• **PROBLEM TO WORK ON**:
Everything from the line with "Seniors Ligue : R1" to the line with "スプレッドシートを開き、拡張" in the listing below, both lines included, needs to be copied exactly, apart from the pictures.

• **INPUT DATA**:
★ ★ ★ ★

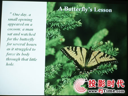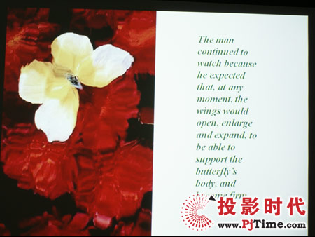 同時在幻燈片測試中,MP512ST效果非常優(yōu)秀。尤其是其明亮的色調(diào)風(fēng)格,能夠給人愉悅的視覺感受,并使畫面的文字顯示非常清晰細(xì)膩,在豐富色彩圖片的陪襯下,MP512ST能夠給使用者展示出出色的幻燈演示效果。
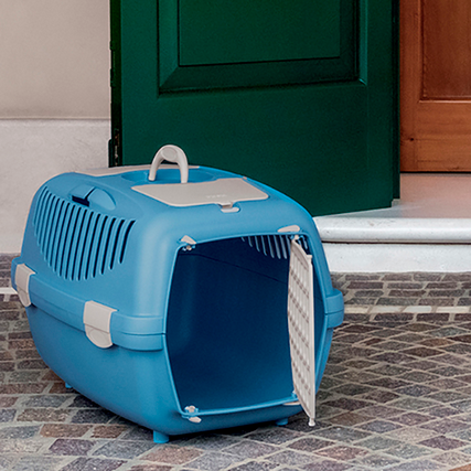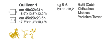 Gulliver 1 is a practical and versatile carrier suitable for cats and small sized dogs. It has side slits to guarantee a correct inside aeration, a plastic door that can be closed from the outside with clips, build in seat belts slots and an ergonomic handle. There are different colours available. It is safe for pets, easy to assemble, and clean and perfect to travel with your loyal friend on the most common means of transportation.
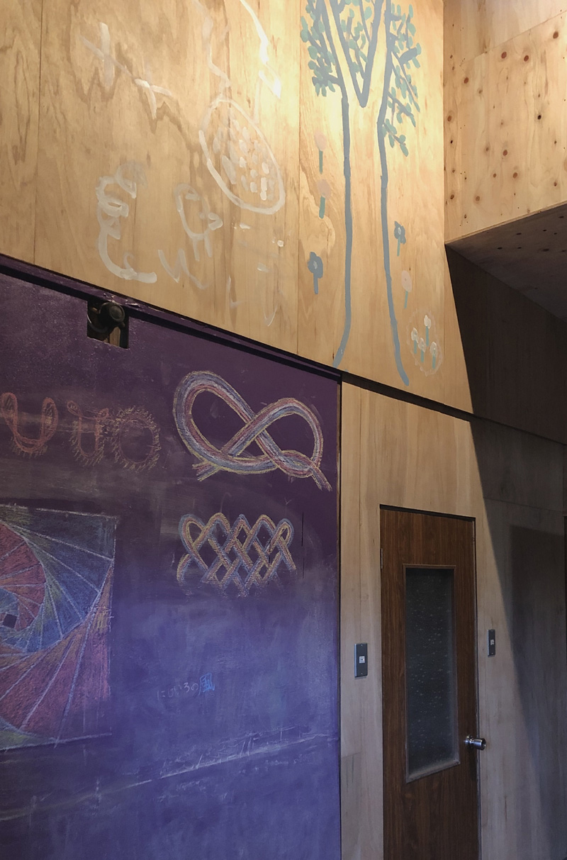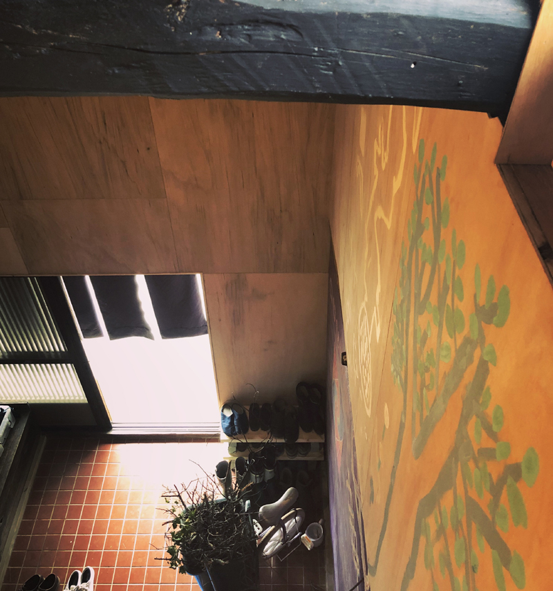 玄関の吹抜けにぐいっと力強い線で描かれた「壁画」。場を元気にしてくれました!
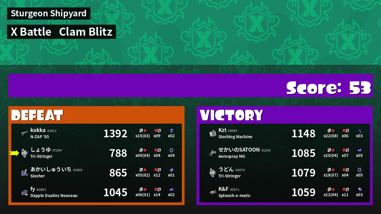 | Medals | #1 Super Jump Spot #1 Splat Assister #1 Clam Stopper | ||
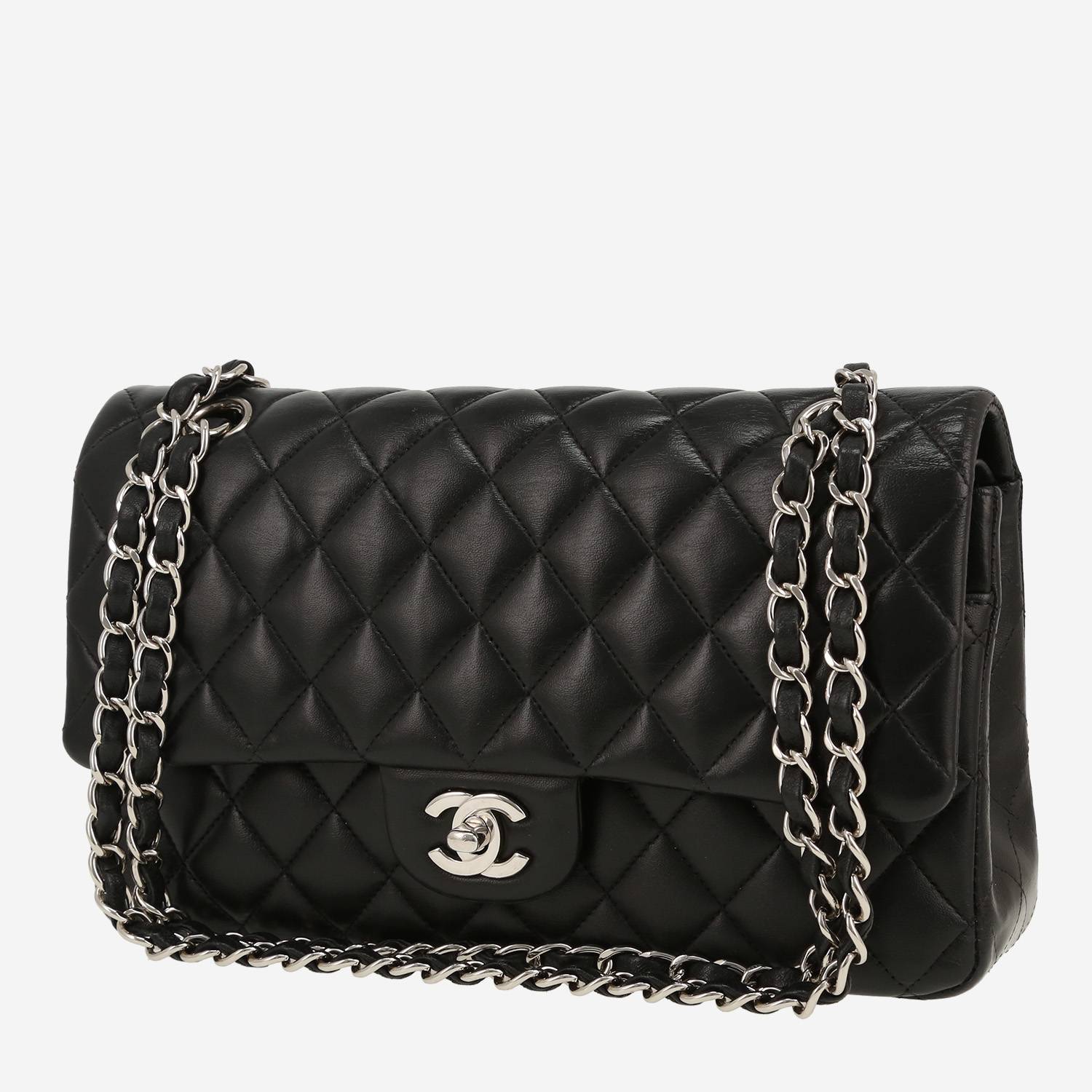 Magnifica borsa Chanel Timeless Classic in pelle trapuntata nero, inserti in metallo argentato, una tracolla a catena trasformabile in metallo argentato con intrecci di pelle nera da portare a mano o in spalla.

★ ★ ★ ★

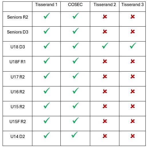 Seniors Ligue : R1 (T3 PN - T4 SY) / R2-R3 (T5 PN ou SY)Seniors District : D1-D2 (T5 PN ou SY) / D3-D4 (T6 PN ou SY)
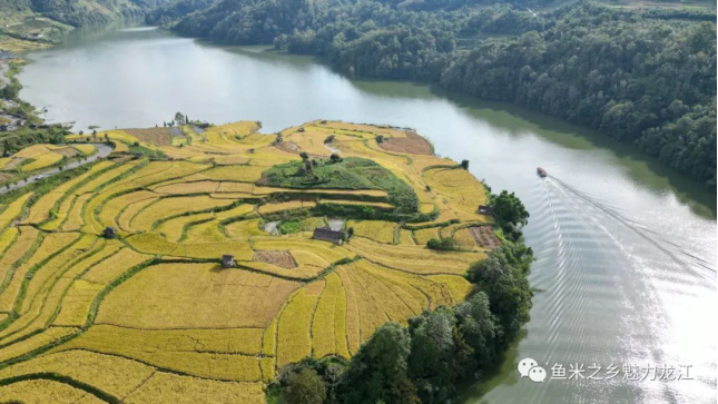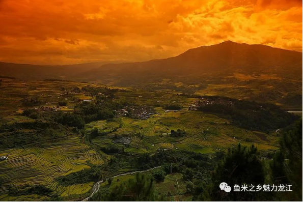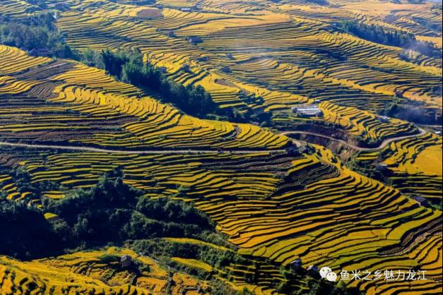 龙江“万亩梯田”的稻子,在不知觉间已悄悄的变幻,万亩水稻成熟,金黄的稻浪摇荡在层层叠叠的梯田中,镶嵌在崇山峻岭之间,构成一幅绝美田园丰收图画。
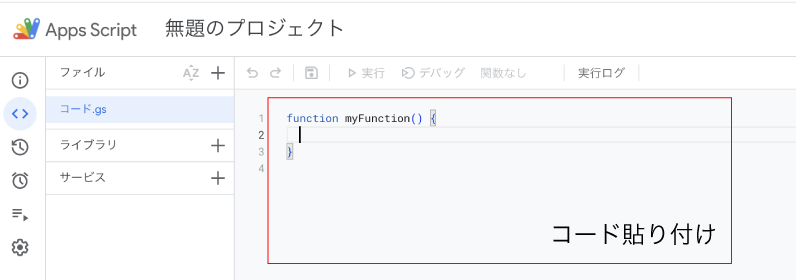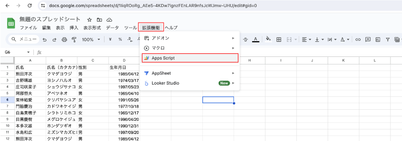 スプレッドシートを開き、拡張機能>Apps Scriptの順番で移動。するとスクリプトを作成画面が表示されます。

★ ★ ★ ★

• **WRITTEN RESPONSE**:
 Seniors Ligue : R1 (T3 PN - T4 SY) / R2-R3 (T5 PN ou SY)Seniors District : D1-D2 (T5 PN ou SY) / D3-D4 (T6 PN ou SY)
 龙江“万亩梯田”的稻子,在不知觉间已悄悄的变幻,万亩水稻成熟,金黄的稻浪摇荡在层层叠叠的梯田中,镶嵌在崇山峻岭之间,构成一幅绝美田园丰收图画。
 スプレッドシートを開き、拡張機能>Apps Scriptの順番で移動。するとスクリプトを作成画面が表示されます。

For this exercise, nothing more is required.